------ Data for the task
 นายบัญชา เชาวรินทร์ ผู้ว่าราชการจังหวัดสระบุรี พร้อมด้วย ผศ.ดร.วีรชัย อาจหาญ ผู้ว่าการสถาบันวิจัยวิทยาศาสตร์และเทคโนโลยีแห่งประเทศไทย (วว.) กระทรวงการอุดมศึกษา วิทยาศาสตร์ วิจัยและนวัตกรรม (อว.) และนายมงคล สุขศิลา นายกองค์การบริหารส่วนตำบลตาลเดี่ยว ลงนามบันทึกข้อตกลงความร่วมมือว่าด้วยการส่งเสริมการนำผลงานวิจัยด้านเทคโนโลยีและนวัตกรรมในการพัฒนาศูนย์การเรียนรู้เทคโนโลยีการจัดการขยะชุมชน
------------
------ Data for the task
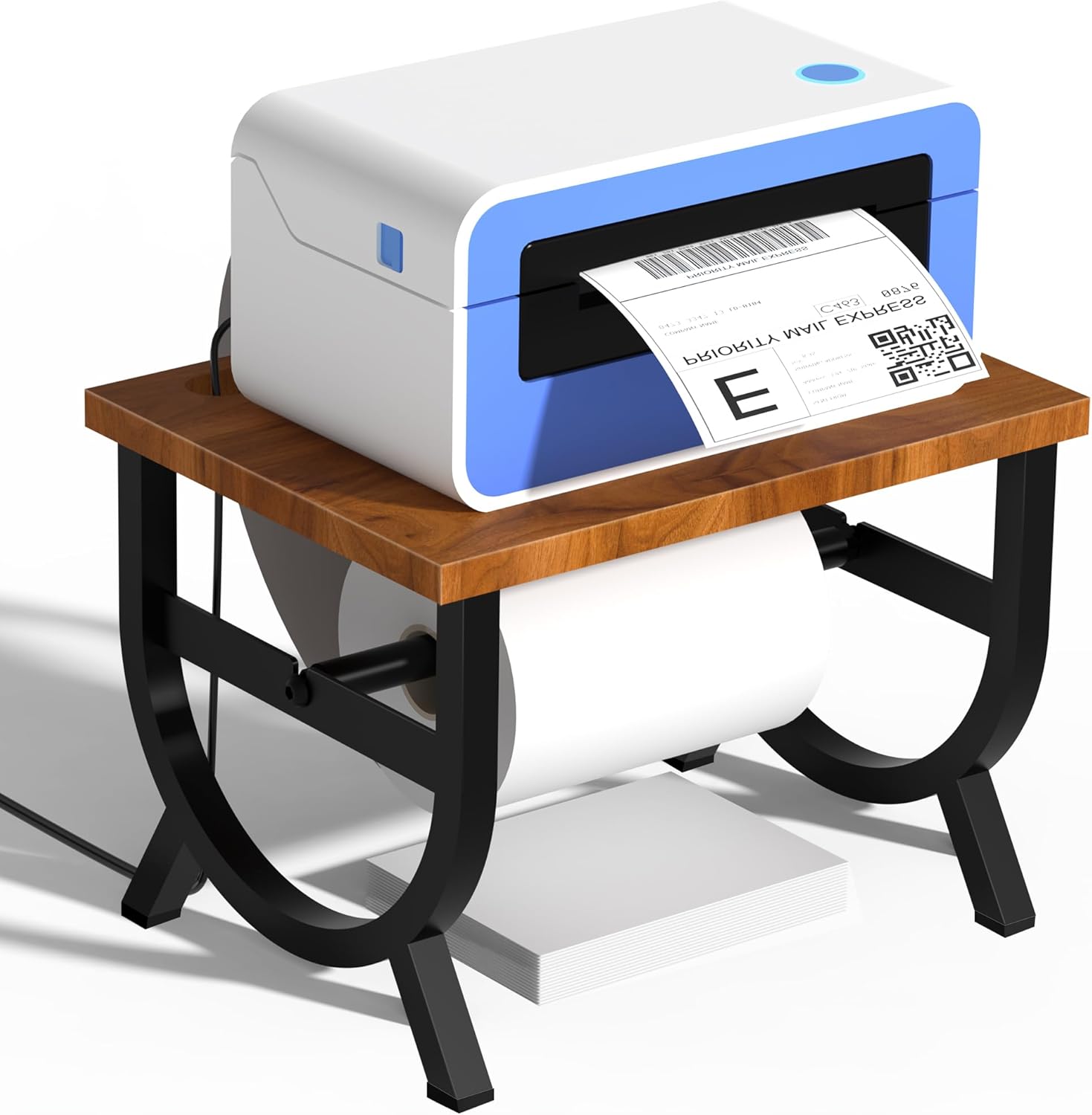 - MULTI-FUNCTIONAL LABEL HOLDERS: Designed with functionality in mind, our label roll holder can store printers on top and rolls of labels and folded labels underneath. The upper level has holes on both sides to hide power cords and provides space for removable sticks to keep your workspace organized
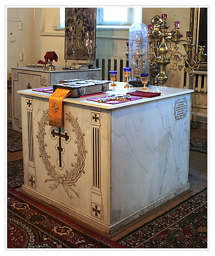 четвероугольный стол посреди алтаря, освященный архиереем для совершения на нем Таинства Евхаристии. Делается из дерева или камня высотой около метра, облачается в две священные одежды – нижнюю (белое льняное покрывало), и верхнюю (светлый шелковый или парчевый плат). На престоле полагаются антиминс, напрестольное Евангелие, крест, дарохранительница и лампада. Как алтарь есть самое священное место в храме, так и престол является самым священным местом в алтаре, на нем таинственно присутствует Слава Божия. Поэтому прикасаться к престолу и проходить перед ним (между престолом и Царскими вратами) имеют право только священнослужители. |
------------
### Assignment
For this task, return exactly the stretch of the listing above from the line with "- MULTI-FUNCTIONAL LABEL" through the line with "четвероугольный стол посреди", inclusive and without pictures.

### Solution to this task
 - MULTI-FUNCTIONAL LABEL HOLDERS: Designed with functionality in mind, our label roll holder can store printers on top and rolls of labels and folded labels underneath. The upper level has holes on both sides to hide power cords and provides space for removable sticks to keep your workspace organized
 четвероугольный стол посреди алтаря, освященный архиереем для совершения на нем Таинства Евхаристии. Делается из дерева или камня высотой около метра, облачается в две священные одежды – нижнюю (белое льняное покрывало), и верхнюю (светлый шелковый или парчевый плат). На престоле полагаются антиминс, напрестольное Евангелие, крест, дарохранительница и лампада. Как алтарь есть самое священное место в храме, так и престол является самым священным местом в алтаре, на нем таинственно присутствует Слава Божия. Поэтому прикасаться к престолу и проходить перед ним (между престолом и Царскими вратами) имеют право только священнослужители. |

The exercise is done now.